Sobre Ofidias. En otra piel serán las mismas marcas-Poemario de Valeria Guzmán Pérez

La poeta y traductora Andrea Muriel nos presenta una reseña de Ofidias. En otra piel serán las mismas marcas. En ella se reflexiona sobre la forma de abordar lo femenino y lo cotidiano de Valeria Guzmán Pérez, así como su exploración de la lengua al hablar de serpientes, cerezas y golondrinas. Ofidias, además de haber ganado el Premio Nacional de Poesía Tijuana 2019, es candidato al Premio RAE 2020.
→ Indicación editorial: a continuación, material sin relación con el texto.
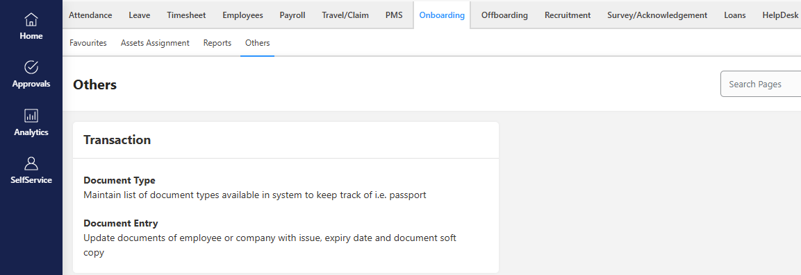 - Go to Selfservice > Onboarding > Others > Document Entry, or simply search for ‘Document Entry’ in the search bar of the home screen.
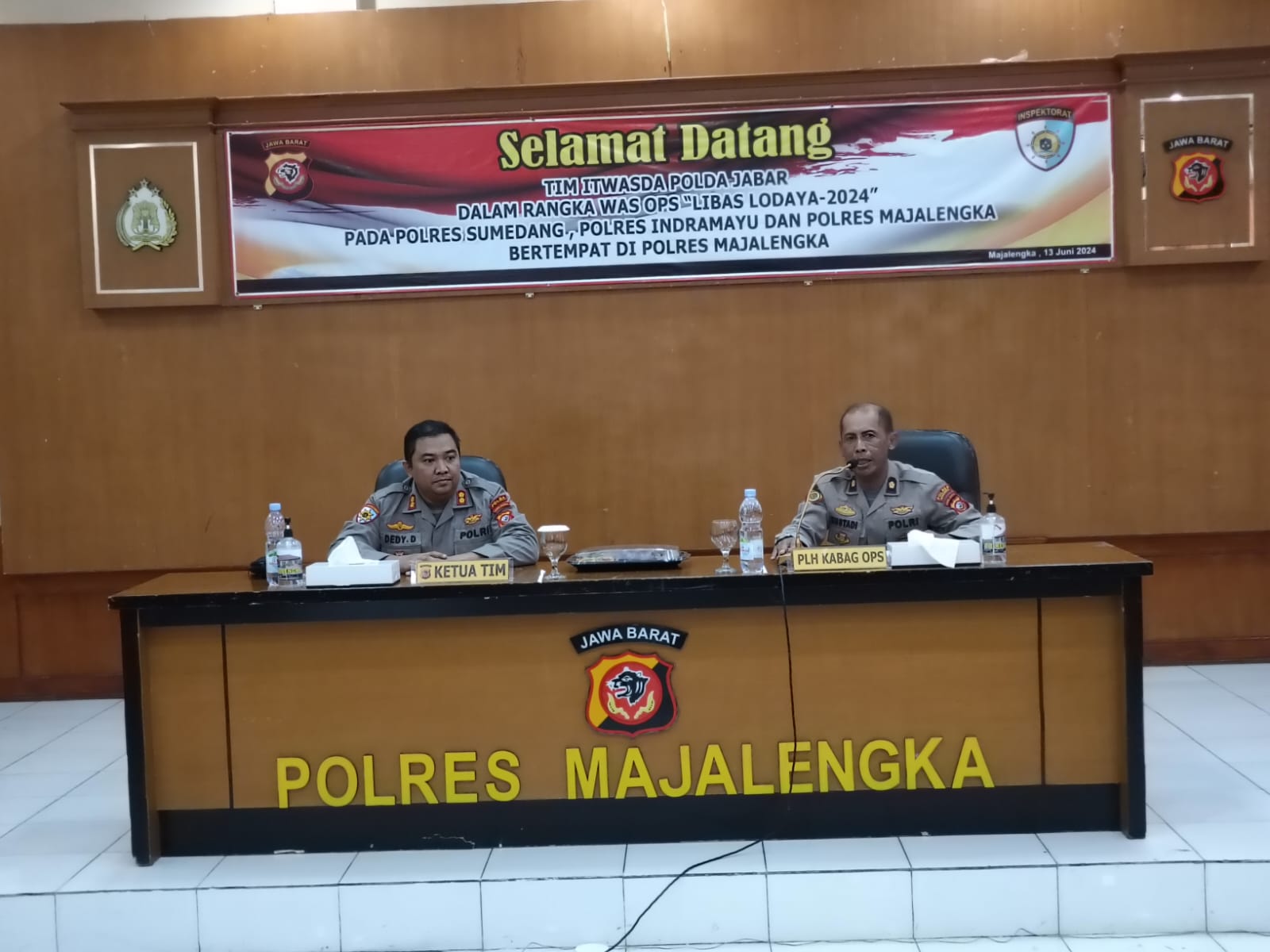 BERITA POLRI INVESTIGASI | Majalengka, – Tim Itwasda Polda Jabar melaksanakan kegiatan Was Ops “Libas Lodaya 2024” di Polres Majalengka. Kegiatan ini juga mencakup Polres Sumedang dan Polres Indramayu, dengan titik sentral pelaksanaan di Polres Majalengka. Tim Was Ops “Libas Lodaya 2024” disambut oleh Kapolres Majalengka, AKBP Indra Novianto, S.I.K., M.Si., CPHR, yang diwakili oleh Plh Kabag Ops Polres Majalengka, Kompol H. Kustadi, SH.Kamis (13/6/2024).
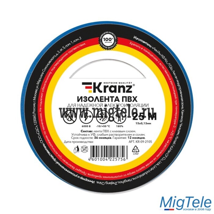 Изолента KRANZ предназначена для электрической изоляции, цветной маркировки, соединения, защиты от внешних факторов и герметизации кабелей, проводов и шнуров.
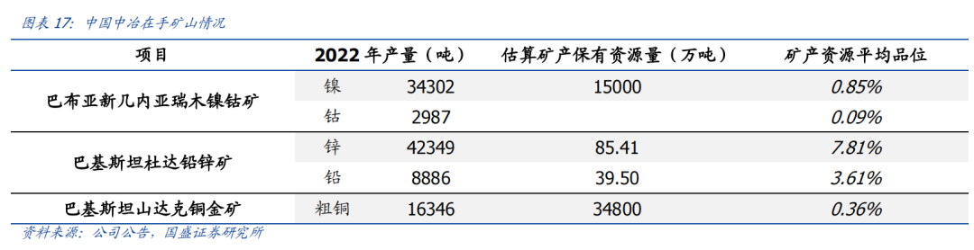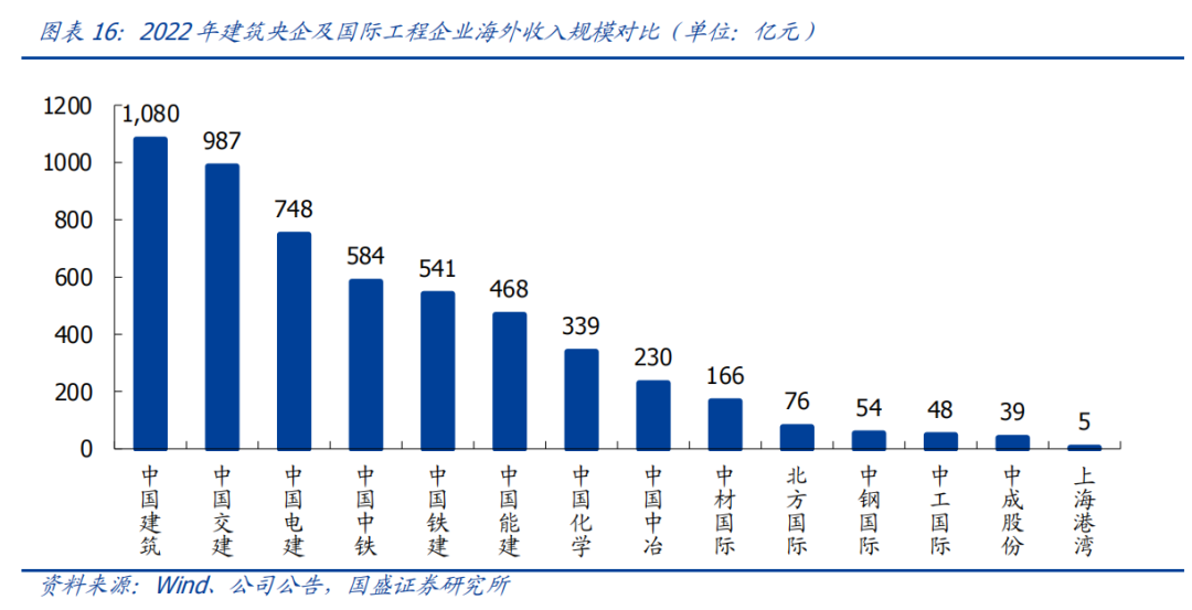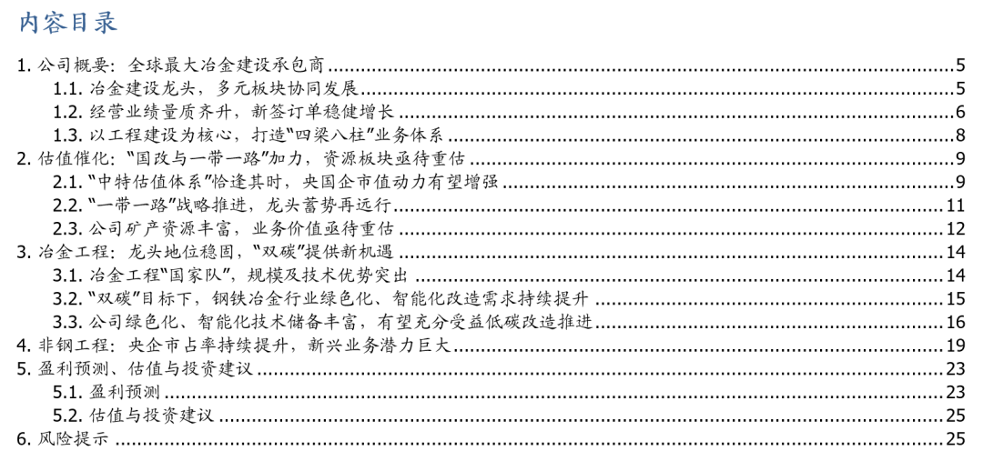央企海外收入规模领先,为工程出海领头羊。大型央企对外经济交往经验丰富,且在基础设施建设、高铁、核电等一些产业上已具有较强的国际竞争力。此外,在战略定位和主攻方向上非常明确,通常选择重点领域和国家或地区,并筛选重大项目,抵御风险能力也较高。从海外收入体量看,大型建筑央企海外业务规模大幅领先,作为我国“一带一路”主力军,建筑央企在传统电力、新能源、冶金、化工等专业工程领域具备显著优势,有望核心受益海外工程需求上行,同时有望给板块带来估值催化。冶金工程为我国传统优势产业,“一带一路”区域需求潜力大。钢铁行业作为中国制造优势产业,是扩大国际产能合作的重点领域,也是为“一带一路”基础设施互联互通提供原材料保障的基础产业。在全球钢铁需求增长整体趋缓的态势下,参与共建“一带一路”的东南亚、南亚、中东欧、西亚北非等地区和国家的钢铁需求仍具有较大增长潜力,部分地区正处于工业化加速发展期,基建和能源等装备制造发展带来大量钢材需求,冶金工程建设需求有望同步上行。中国中冶为全球最大的冶金建设承包商和冶金企业运营服务商,掌握智慧高炉冶炼、矿产资源开发、炼钢炼铁设备制造等领域关键技术和工艺,承建的钢铁项目占世界钢铁市场的63%以上,在世界近30个国家和地区有冶金建设项目,受益“一带一路”沿线项目推进,海外订单有望恢复较快增长。矿产储量丰富,资源板块有望贡献利润弹性。公司资源开发业务主要涉及镍、钴、铜、锌、铅等金属矿产资源的采矿、选矿、冶炼等领域。根据公司年报,公司旗下矿产资源主要有3座在产矿山,资源保有量丰富,项目开采期限可达20年。- 巴布亚新几内亚瑞木镍钴项目:是全球现有已投产红土镍矿中达产率和运营水平最高的矿山,该项目估算保有资源量1.50亿吨,镍平均品位0.85%、钴平均品位0.09%,折合镍金属量129万吨、钴金属量14万吨,基本可满足该项目平稳运行40年所需、产能翻番运行20年所需。
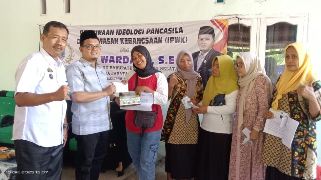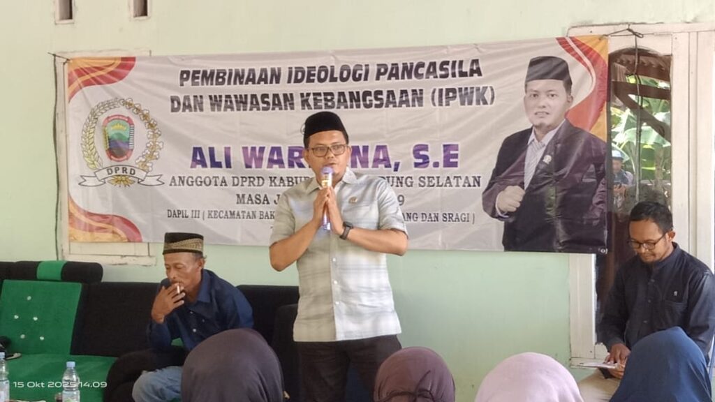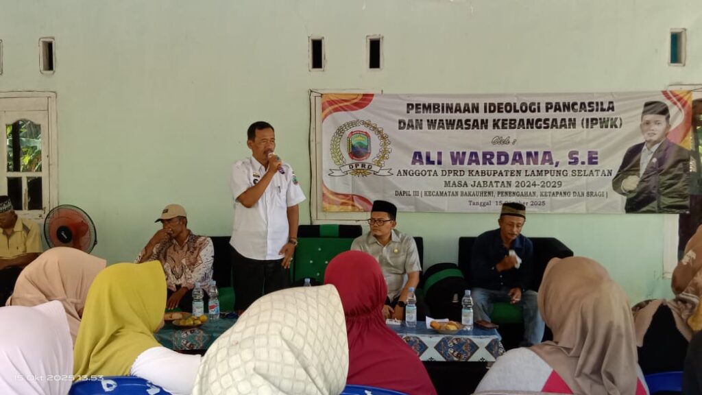 Itulah yang disampaikan anggota Dewan Perwakilan Rakyat Daerah (DPRD) Lampung Selatan (Lamsel) Ali Wardana, S.E., ketika menghelat pembinaan Ideologi Pancasila dan Wawasan Kebangsaan (IPWK) di Dusun Sukarame, Desa Bakauheni, Kecamatan Bakauheni, Kabupaten Lampung Selatan (Lamsel), pada Rabu (15/10/2025).
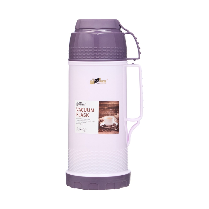 Термос 1.8 л, со стеклянной колбой, сохраняет тепло 12 ч, с кружкой, сиреневый
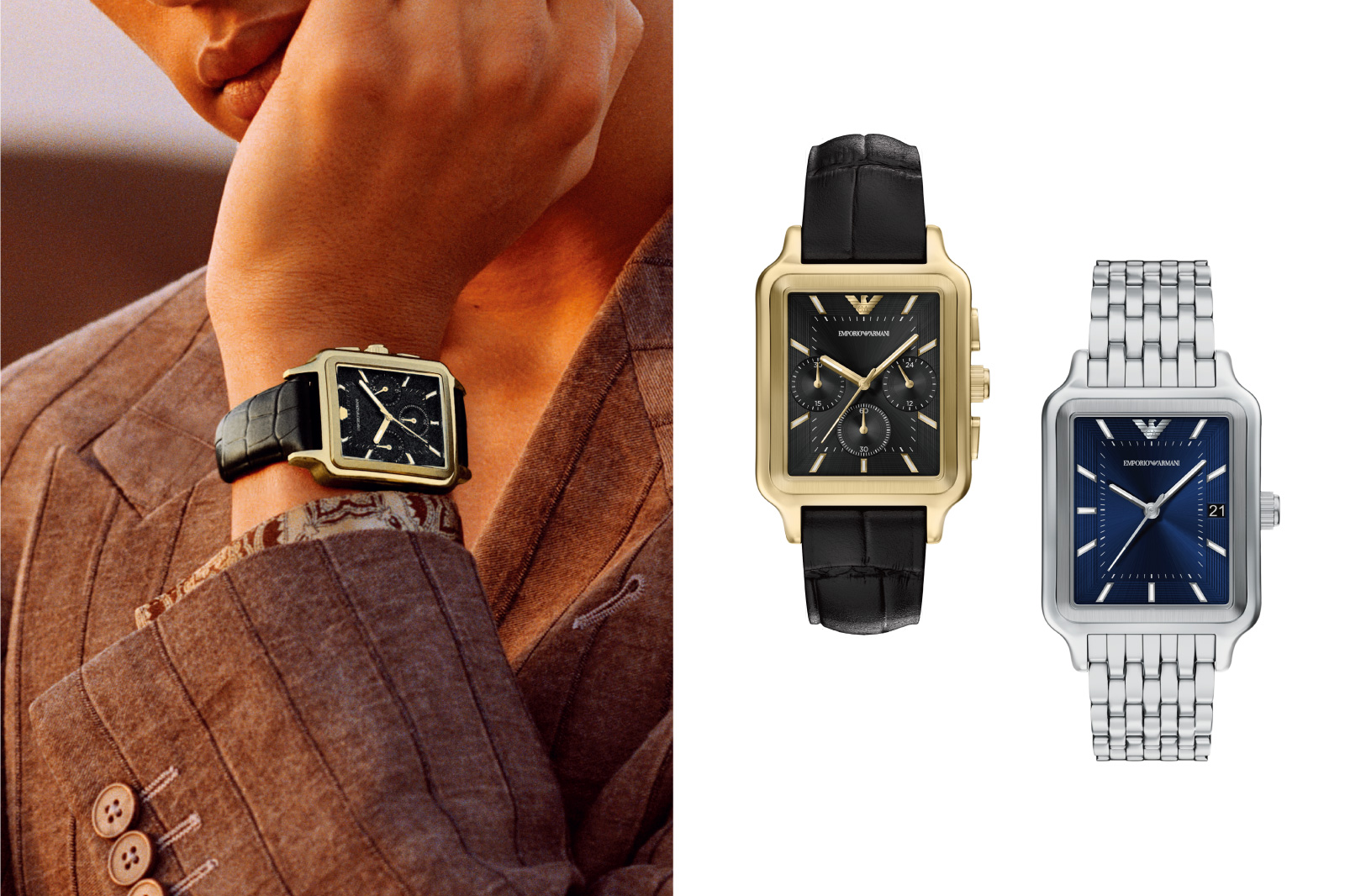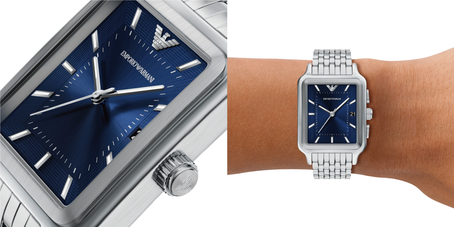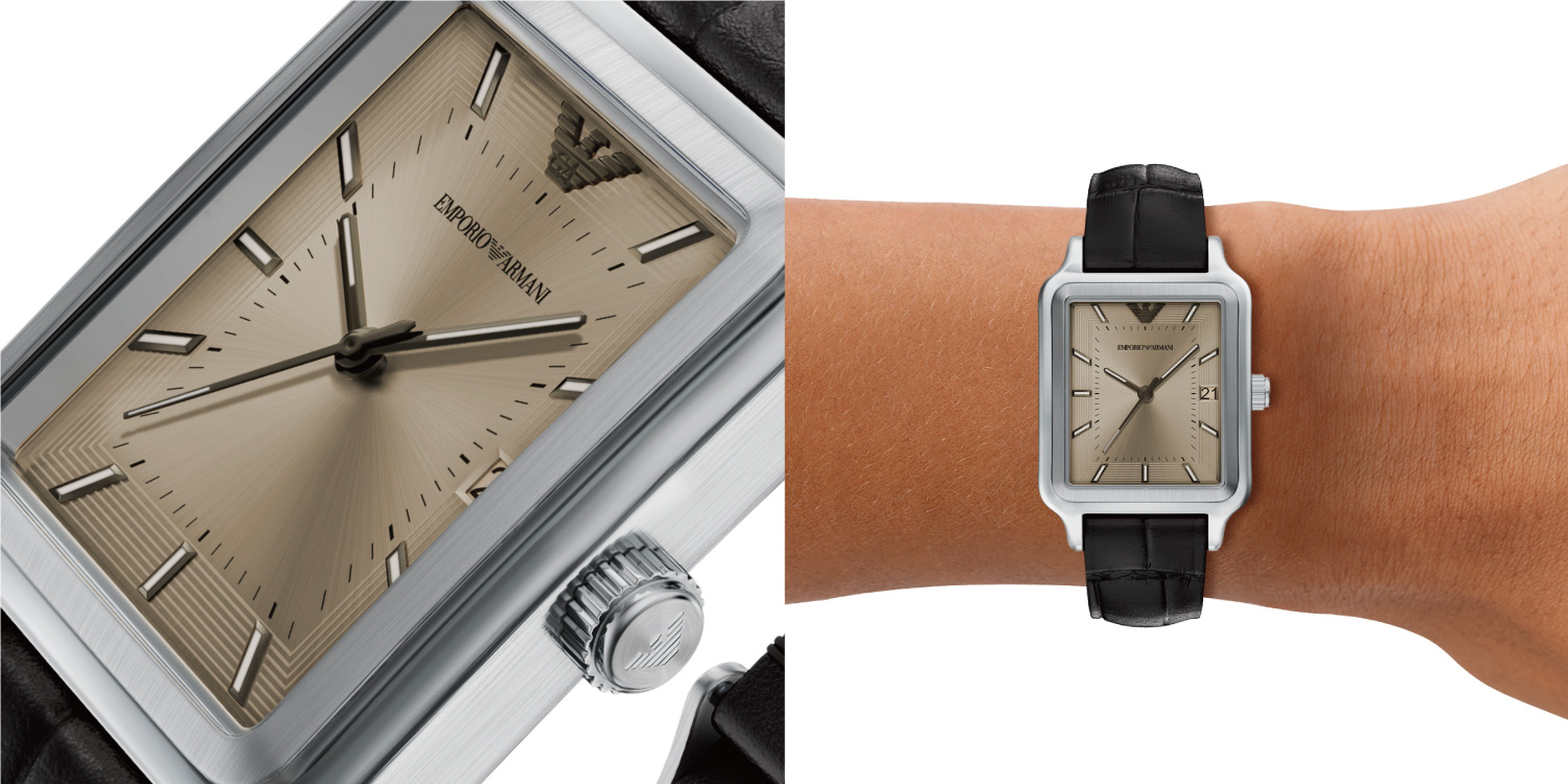 EMPORIO ARMANI(エンポリオ アルマーニ)は1981年にイタリア、ミラノで誕生したブランド。デザイナーはジョルジオ・アルマーニ。着心地と自由な発想を大切にしながら、都会的で洗練されたアイテムの数々を提案しています。この春は、レクタンギュラーケースとシンプルな文字盤デザインが特徴的なモデルが登場しました。エンポリオ アルマーニらしい色使いやトレンドの小ぶりなサイズ感が、春のスーツスタイルを格上げしてくれます。

Las serpientes son seres que se arrastran sigilosamente y atacan, antes de que nadie se dé cuenta; seducen a su presa con movimientos continuos y calculados. Algo así sucede con Ofidias, el poemario de Valeria Guzmán Pérez que ganó el Premio Nacional de Poesía Tijuana 2019, aún cuando es distinto a los poemarios que suelen ser premiados por este tipo de certámenes: no es un libro redondo, con unidad temática y estilística, que trata temas “trascendentales”. Más bien se trata de muchos libros en uno, con la característica de la fragmentación, que aborda distintos intereses e incluso diferentes registros. El libro de Valeria es profundamente femenino, lo cual implica una ruptura con la hegemonía de los temas “importantes”. Respecto a esta importancia de unos temas sobre otros, ya desde 1929, Virginia Woolf en A Room of One’s Own, afirma que:

Naturalmente, los valores de las mujeres difieren con frecuencia de los valores [de los hombres]. Sin embargo, son los valores masculinos los que predominan. Hablando crudamente, el fútbol y el resto de deportes son “importantes”; la adoración por la moda, la compra de ropa, “triviales”. Y estos valores se transfieren inevitablemente de la vida a la ficción. Este libro es importante, da por sentado el crítico, puesto que aborda el tema de la guerra. Este libro es insignificante porque trata sobre los sentimientos de unas mujeres sentadas en la sala de estar. Una escena que transcurre en un campo de batalla es más importante que una escena que tiene lugar en una tienda.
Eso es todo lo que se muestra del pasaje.